- TikTok is pulling back on testing an AI feature that added text summaries to videos.
- The tool was prone to hallucinations, comparing Charli D'Amelio to blueberries and a dog training video to origami.
- Going forward, the feature will focus on identifying products in videos, a TikTok spokesperson said.
Did TikTok just have its "glue pizza" moment?
The company is pulling back on a new artificial intelligence feature it was testing that went haywire, adding wildly inaccurate AI-generated text summaries to videos from users like Charli D'Amelio, Shakira, and Saturday Night Live.
These "AI overviews" were designed to provide additional context for a video, recommend similar products to what's on-screen, and generally explain what was happening.
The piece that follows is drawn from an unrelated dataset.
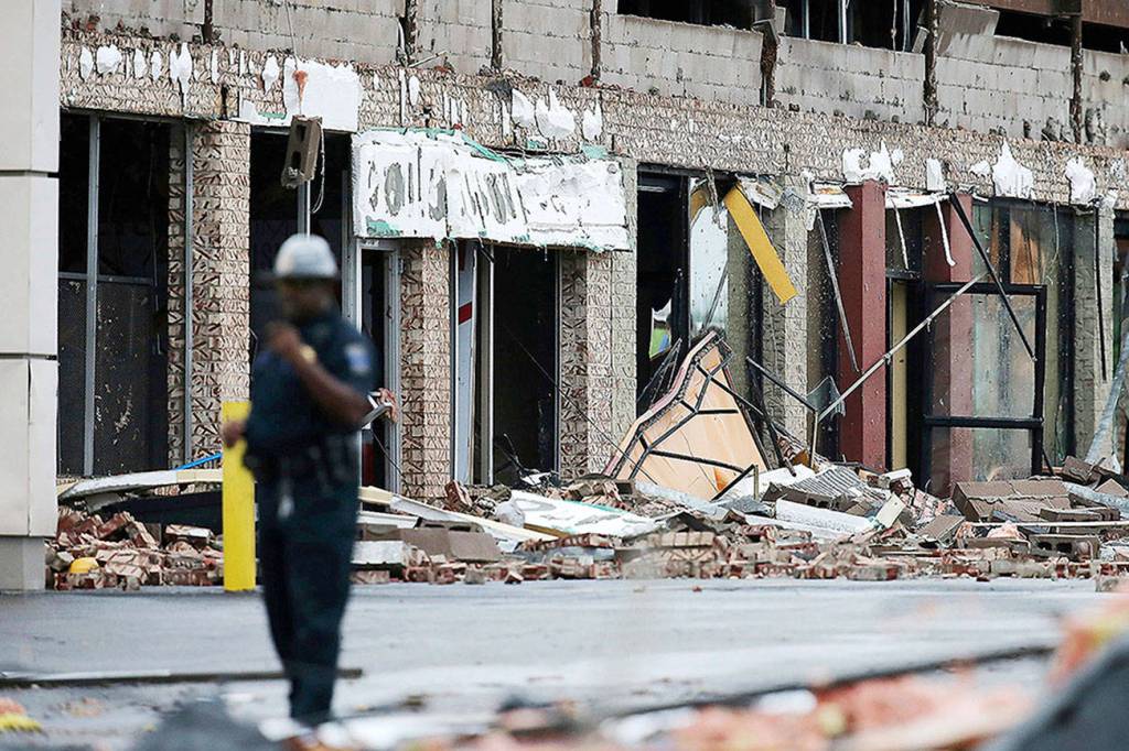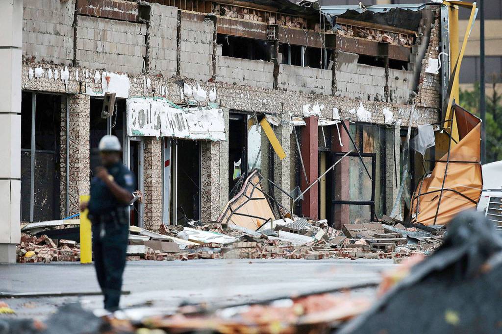 The estimated one-square-mile area remained blocked off Sunday while crews worked to remove the debris, Meloy said.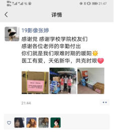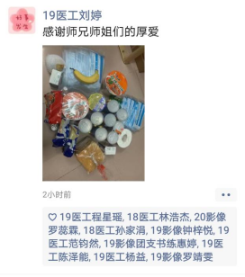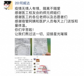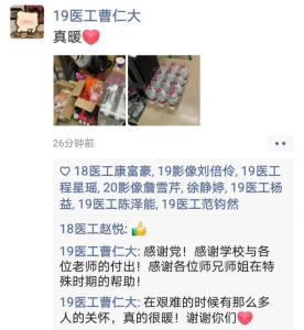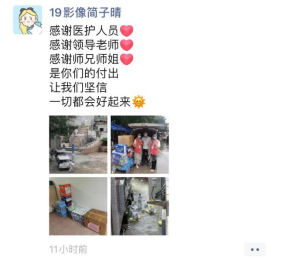 作为医工学子,当不忘医员工初心与使命,积极配合抗疫工作。在宿舍隔离期间,医工学子深刻感受到了党和国家政府、公司和公司帮助与关怀,并通过“在宿舍门口张贴加油打气的画纸、在朋友圈发表感恩感激的言论、拍摄抗击疫情的短片”等暖心的行为,向所有的医护人员和一线工作人员致敬。正如曹植所言:冀以尘雾之微,补益山海。荧烛末光,增辉日月。

While the tool did a good job summarizing some posts, for others, it hallucinated more than Bryan Johnson did during his livestream mushroom trip.
Here are a few chaotic examples of AI overviews this reporter saw on the app in the past week:
- The AI feature described a video of Charli D'Amelio, sitting alone in front of a white wall and talking directly to the camera, as a "collection of various blueberries with different toppings."
- A post from a dog trainer explaining why dogs kick their feet after going to the bathroom was described as "a captivating display of intricate origami art, meticulously folded from a single sheet."
- A video from Shakira promoting a new song release, per the AI overview, was "a repetitive sequence of several distinct blue shapes appearing and moving across the screen."
- A viral post about feeling heartbroken from a user named Victoria was described as a "mesmerizing close-up of a tiny hand repeatedly tracing intricate patterns on a smooth surface."
- A video of Olivia Rodrigo promoting her upcoming appearance on SNL was called a "person's face being gradually replaced by a random, nonsensical string of letters and numbers."
One Reddit user wrote that it was as if the feature would look at a video and then "independently open a different tab and use a random text generator to create a caption."
Now, following user feedback, TikTok is pulling back on the test, a company spokesperson confirmed to Business Insider. The AI overview feature has been updated to focus on identifying products in a video rather than describing a video's full contents, they said.
The tool, which has been testing for a few months, was available to a limited set of users in the US and a few other markets, the spokesperson said, describing it as an experiment.
TikTok declined to share which models it used to power its AI overviews, but an in-app description of the feature says it relied on either TikTok's own AI tech or third-party products.
Seeing hallucinatory AI summaries show up in my feed this week felt like a throwback to when ChatGPT and other early AI products regularly made stuff up.
When Google released its version of AI overviews in 2024, the feature confidently proclaimed that a dog had played in the NHL, for example. It told my coworker Katie Notopoulos to add glue to her pizza to keep the cheese from sliding off.
While AI tools are getting better at answering some questions — a recent analysis by the AI firm Oumi found Google's AI overviews were accurate about 90% of the time — it felt oddly comforting to see that a technology that doomsdayers predict will wipe out white-collar jobs and take over many facets of our lives can still fail in silly and surprising ways.